Alan Gillott is a poet, writer, composer, and singer who performs in the UK and USA and is well known throughout the North East. His most recent book is Beyond the Window (Fighting Cock Press); he has a following as a music and art critic and is known for his lyrical style based on internal structures. His observational poetry often highlights injustice and institutional irresponsibility.
He was born in Edinburgh to a Scottish mother and Yorkshire father from whence, at the tender age of six weeks, he was whisked off to live in Bury and from thence the Bowland Forest. He was educated mainly in Kent while travelling extensively to Iraq and India. Though he started writing poetry as a teenager it wasn’t until he was living in Dulwich, South London, that he met and was mentored by Alasdair Aston who instilled in him a love for form and the power of performance.
Alan’s career took him throughout Europe, back to India and on to Singapore and Japan, with jobs based in various locations in the United States: in Pennsylvania, North Carolina, New York, New Jersey, Connecticut and Florida. In the USA he began featuring regularly at poetry venues and founded with his wife, Rose Drew, a popular open mic in Wilton Connecticut. Together they began publishing anthologies of their poets’ best work under the imprint of Stairwell Books. Returning to England, Alan and Rose founded The Spoken Word open mic; they continue to publish anthologies and collections as a way of encouraging excellent but otherwise unpublished writing. Their success led to their taking on responsibility for the Dream Catcher literary journal.
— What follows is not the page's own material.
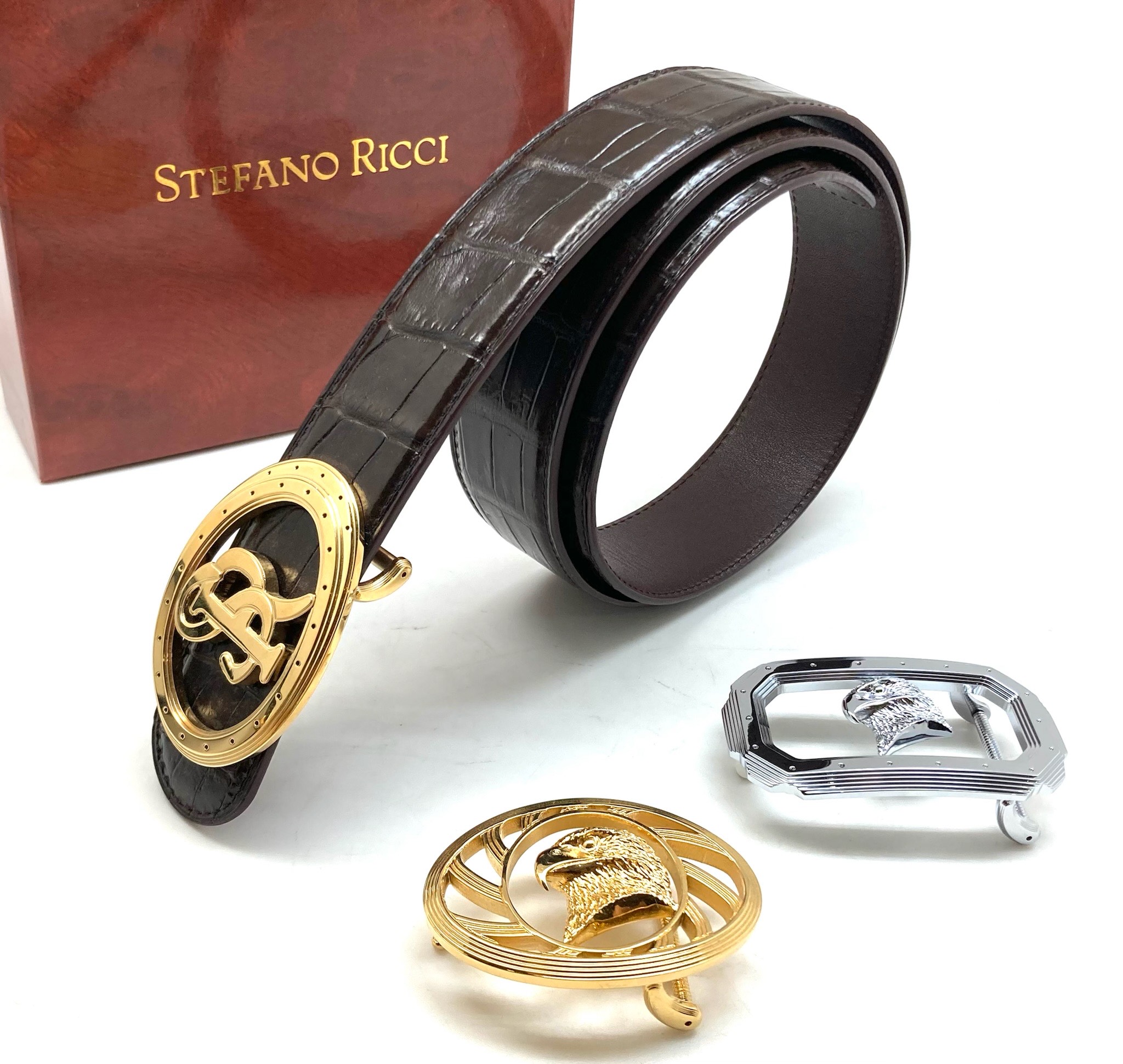SR ремень крокодил джинсовый съемная пряжка темно-коричневый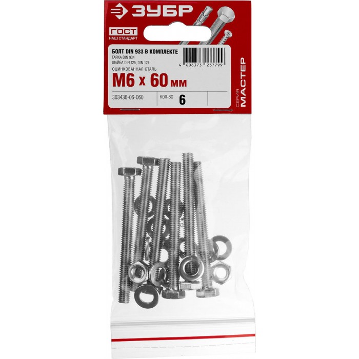 Болт с гайкой и шайбами M6 x 60 мм, цинк, 6 шт ЗУБР DIN 933 303436-06-060

His publication credits include poems in The Nightcap Book, Blue Dragon Press, Community of Poets Issue 20, the Connecticut Poetry Society’s Long River Run, Turn of the River Press’ Wednesday at Curley’s and the University of Toledo’s Poems for Peace Project. He has broadcast on cable TV, pirate radio, Radio Ryedale, University Radio York, Chapel FM and Radio York. His books Beyond the Window and Except we Teach are published by Fighting Cock Press. Both of these books are edited by Pauline Kirk, known nationally as a poet in her own right and as an excellent and discerning editor. Beyond the Window, loosely follows his travels and points out that all is not always as it seems: Except we Teach picks up on some of these ideas but reminds us that we can teach as much as we like, but achieves little without learning. He continues to look under the human carpet and into our proverbial cupboard.
He has participated in a number of collaborative projects including a Keats retrospective in Rome, participation in the TEDx programme, and a series of Poetry talk shows, The Poetry Show, broadcast as podcasts. Alan also works with classical music composers as part of the Sounds Lyrical Project and his poems have been set by composers Edd Caine, David Power, David Lancaster, Peter Byrom-Smith, Tim Brooks and Steve Crowther and have been performed regularly in concert including part of York’s long running Late Music Series.
Alan is also a musician who has been singing throughout his life, taking on the duties of Choirmaster at a number of churches, and where necessary writing the words and music for pieces to support the often depleted available resources. He has sung with London Welsh Choir, the London Symphony Orchestra Chorus, and at the Catholic basilicas in Brooklyn and Washington DC.